§ Exercise data
....

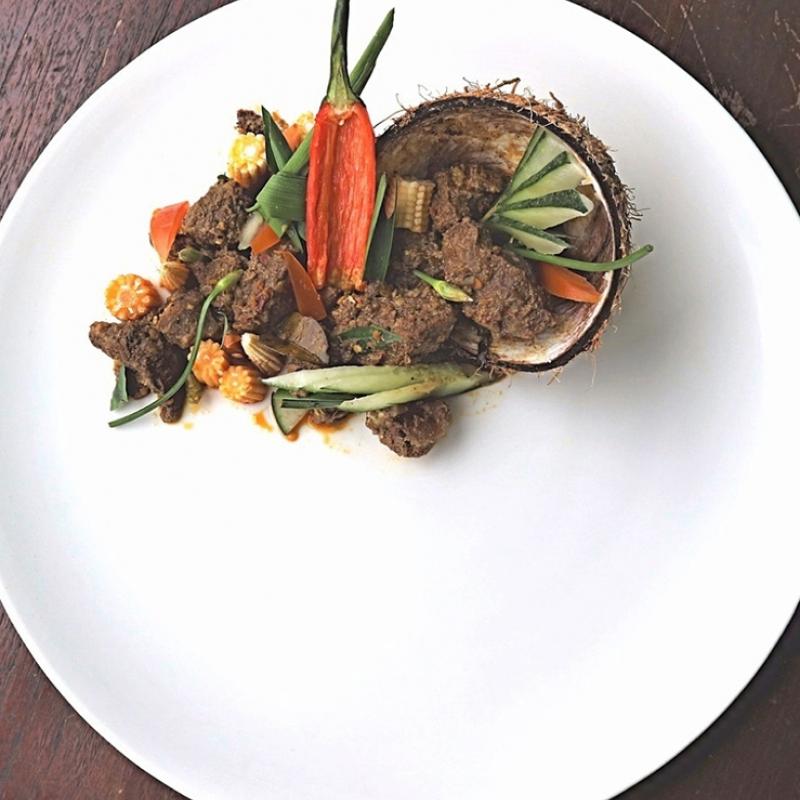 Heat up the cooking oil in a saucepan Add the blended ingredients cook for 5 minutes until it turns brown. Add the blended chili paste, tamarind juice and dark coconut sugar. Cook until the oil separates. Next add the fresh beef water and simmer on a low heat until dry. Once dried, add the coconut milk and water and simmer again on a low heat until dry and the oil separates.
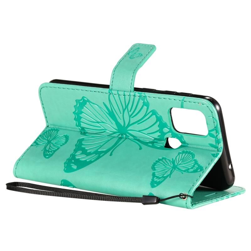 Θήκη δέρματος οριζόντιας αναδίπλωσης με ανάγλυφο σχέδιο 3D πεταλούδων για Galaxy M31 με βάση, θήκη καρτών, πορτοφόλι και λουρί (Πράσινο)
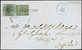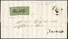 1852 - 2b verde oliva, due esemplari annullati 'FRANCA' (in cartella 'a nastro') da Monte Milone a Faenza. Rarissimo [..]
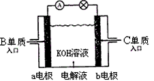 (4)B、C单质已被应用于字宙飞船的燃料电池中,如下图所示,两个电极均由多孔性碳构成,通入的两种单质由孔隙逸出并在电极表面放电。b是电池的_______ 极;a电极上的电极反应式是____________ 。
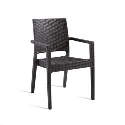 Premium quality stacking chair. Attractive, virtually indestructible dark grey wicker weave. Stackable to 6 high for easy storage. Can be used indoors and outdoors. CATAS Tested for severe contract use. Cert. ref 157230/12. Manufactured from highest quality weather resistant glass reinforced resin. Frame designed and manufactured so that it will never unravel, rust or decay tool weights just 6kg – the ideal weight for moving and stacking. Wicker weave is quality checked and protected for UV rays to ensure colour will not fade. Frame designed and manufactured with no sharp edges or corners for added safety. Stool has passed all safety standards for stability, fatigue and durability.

....

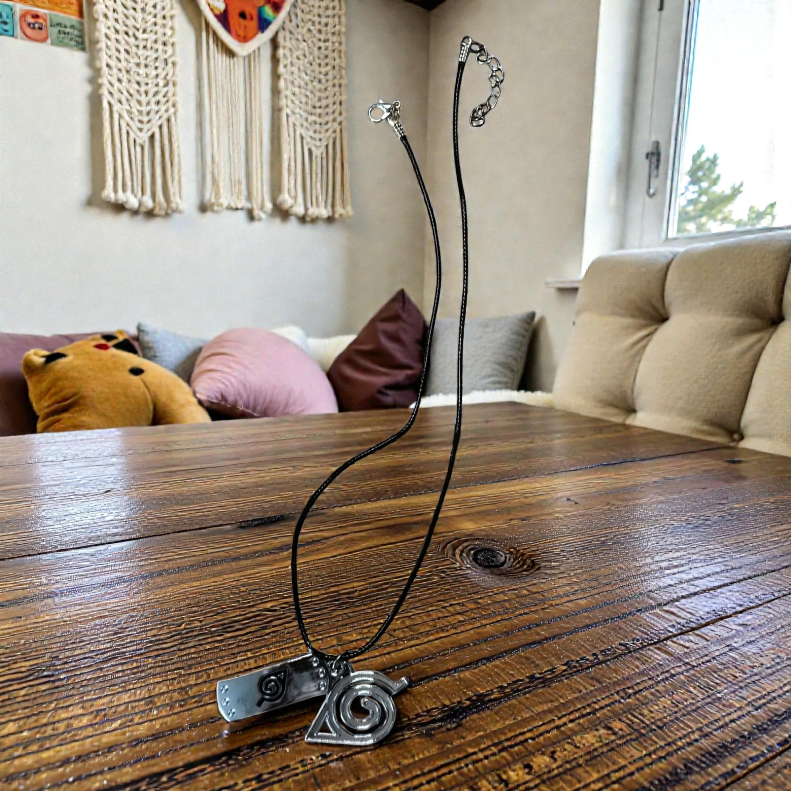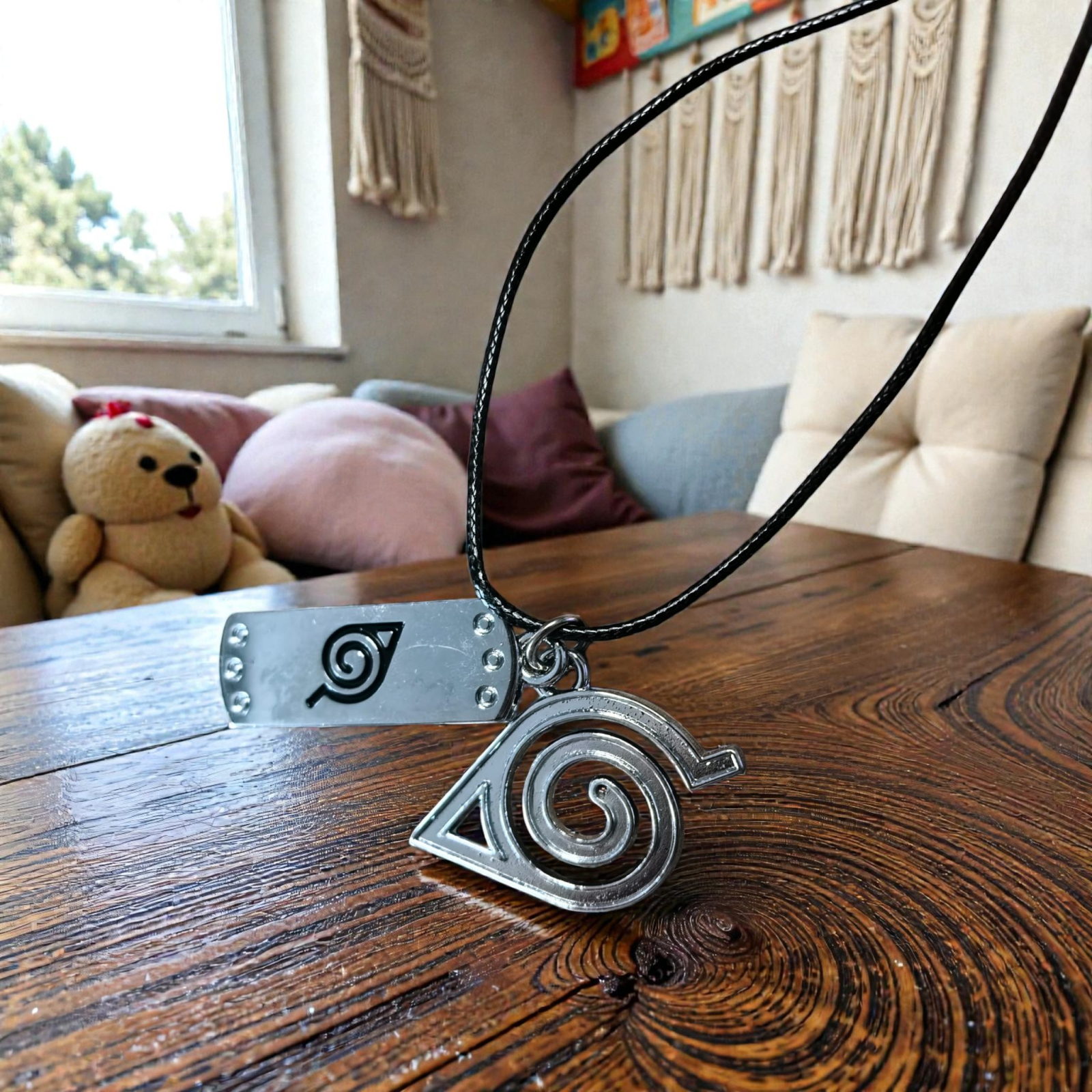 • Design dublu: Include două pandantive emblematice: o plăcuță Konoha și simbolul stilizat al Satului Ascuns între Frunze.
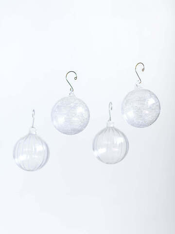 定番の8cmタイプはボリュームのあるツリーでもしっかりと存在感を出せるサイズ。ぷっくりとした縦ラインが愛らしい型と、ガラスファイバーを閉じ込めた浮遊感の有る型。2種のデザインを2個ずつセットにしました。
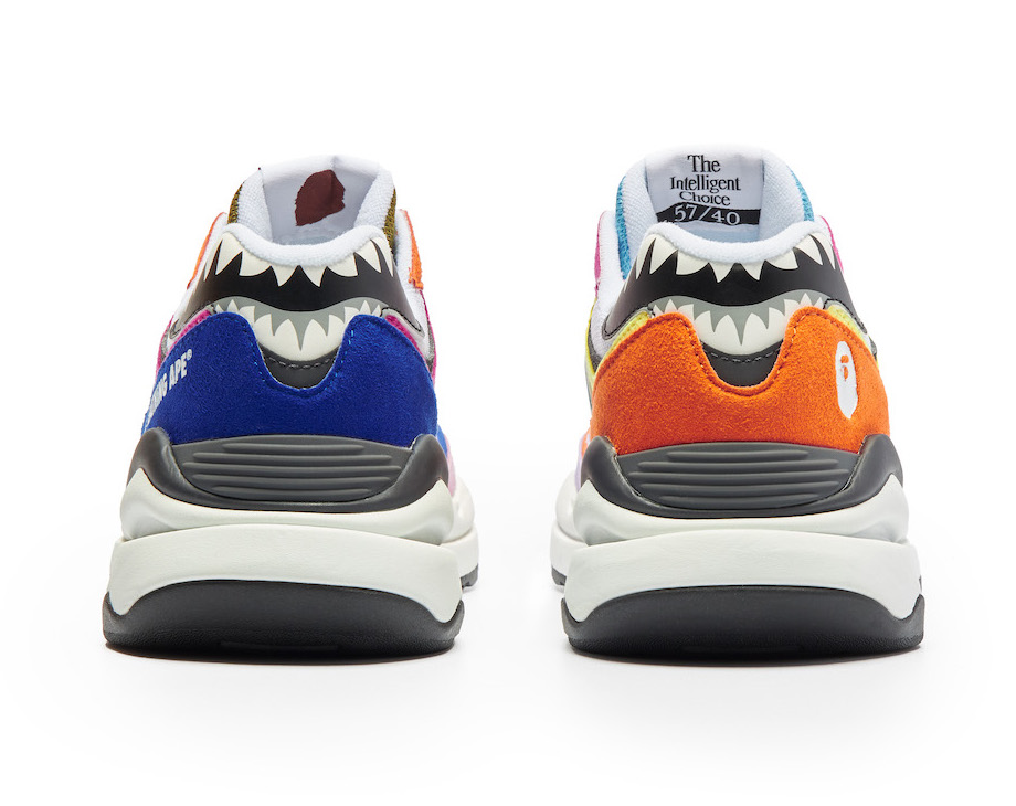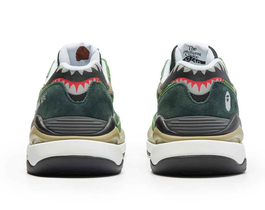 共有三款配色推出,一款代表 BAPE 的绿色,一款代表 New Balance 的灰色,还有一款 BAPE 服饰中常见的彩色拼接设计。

....

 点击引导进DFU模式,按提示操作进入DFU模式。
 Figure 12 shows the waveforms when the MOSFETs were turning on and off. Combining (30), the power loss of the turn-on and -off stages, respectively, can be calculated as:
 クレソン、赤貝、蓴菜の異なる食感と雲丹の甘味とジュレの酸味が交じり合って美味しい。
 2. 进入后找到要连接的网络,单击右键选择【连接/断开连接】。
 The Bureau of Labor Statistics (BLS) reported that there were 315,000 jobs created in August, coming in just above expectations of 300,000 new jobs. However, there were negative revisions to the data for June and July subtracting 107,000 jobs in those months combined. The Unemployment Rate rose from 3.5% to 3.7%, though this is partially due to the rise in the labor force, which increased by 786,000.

....

§ Task
Look above for the line holding "クレソン、赤貝、蓴菜の異なる". Print it and every line after it, exactly, through the line holding "2. 进入后找到要连接的网络,单击右键选择【连接/断开连接】。".

§ Answer space
 クレソン、赤貝、蓴菜の異なる食感と雲丹の甘味とジュレの酸味が交じり合って美味しい。
 2. 进入后找到要连接的网络,单击右键选择【连接/断开连接】。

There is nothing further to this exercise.